How to solve this equation: $ x(e^{x}-e^{-x})-e^{x}=0 $

Question

I've already tried to simplify it as: $$e^{2x}(x-1)-x=0$$

And that gives me: $e^{2x}=\frac{x}{x-1}$

so $2x = \ln(\frac{x}{x-1}) => 2x = \ln(x)-\ln(x-1)$

But then I am stuck. If anyone has a trick or anything?

Thank you in advance.

Answer 1

Divide both sides by $2$ and recall the hyperbolic sine function:

$$x\frac{e^x-e^{-x}}2-\frac{e^x}2=0$$

$$x\sinh(x)-\frac{e^x}2=0$$

Now we employ Newton's method:

$$x_{n+1}=x_n-\frac{x_n\sinh(x_n)-\frac{e^{x_n}}2}{\sinh(x_n)+x_n\cosh(x_n)-\frac{e^{x_n}}2}$$

With $x_0=1$,

$x_1=1.135335283$

$x_2=1.119569316$

$x_3=1.119322977$

$x_4=1.119322917$

And so that is the solution near $x_0=1$. With $x_0=-0.5$,

$x_1=-0.530772575$

$x_2=-0.530045575$

$x_3=-0.530045160$

$x_4=-0.530045160$

And that is the desired solution near $x=-0.5$

Answer 2

with a substitution it looks nicer setting $$t=e^x$$ then we have $$t^2(\ln(t)-1)-\ln(t)=0$$ and now see the Newton-Raphson method

Answer 3

Since $e^x-e^{-x}=2\sinh x$ and $e^x=\sinh x+\cosh x$, we can rewrite the equation as $2x\sinh x-\sinh x-\cosh x=0$ or $$ 2x=1+\coth x $$ (after noticing that $x=0$ is not a solution).

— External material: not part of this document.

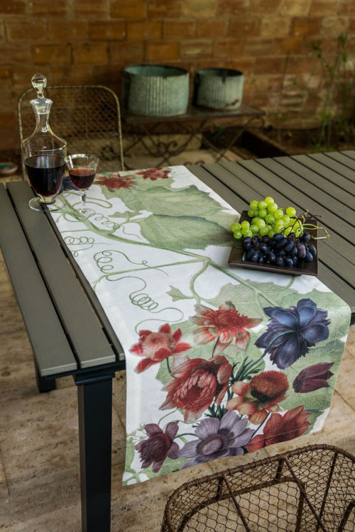 Table runner in pure Italian high quality linen with floral pattern. Measurements: 50×150 cm. / 19.5 “W, 59” L Linen 100% Machine washable max. 40 ° C

If we consider $f(x)=2x-1-\coth x$, we have $$ f'(x)=2-(1-\coth^2x)=1+\coth^2x $$ which is positive. So the function is increasing in both the intervals $(-\infty,0)$ and $(0,\infty)$.

Since $$ \lim_{x\to-\infty}f(x)=-\infty,\quad \lim_{x\to0^-}f(x)=\infty,\quad \lim_{x\to0^+}f(x)=-\infty,\quad \lim_{x\to\infty}f(x)=\infty $$ we know that the equation has two solutions.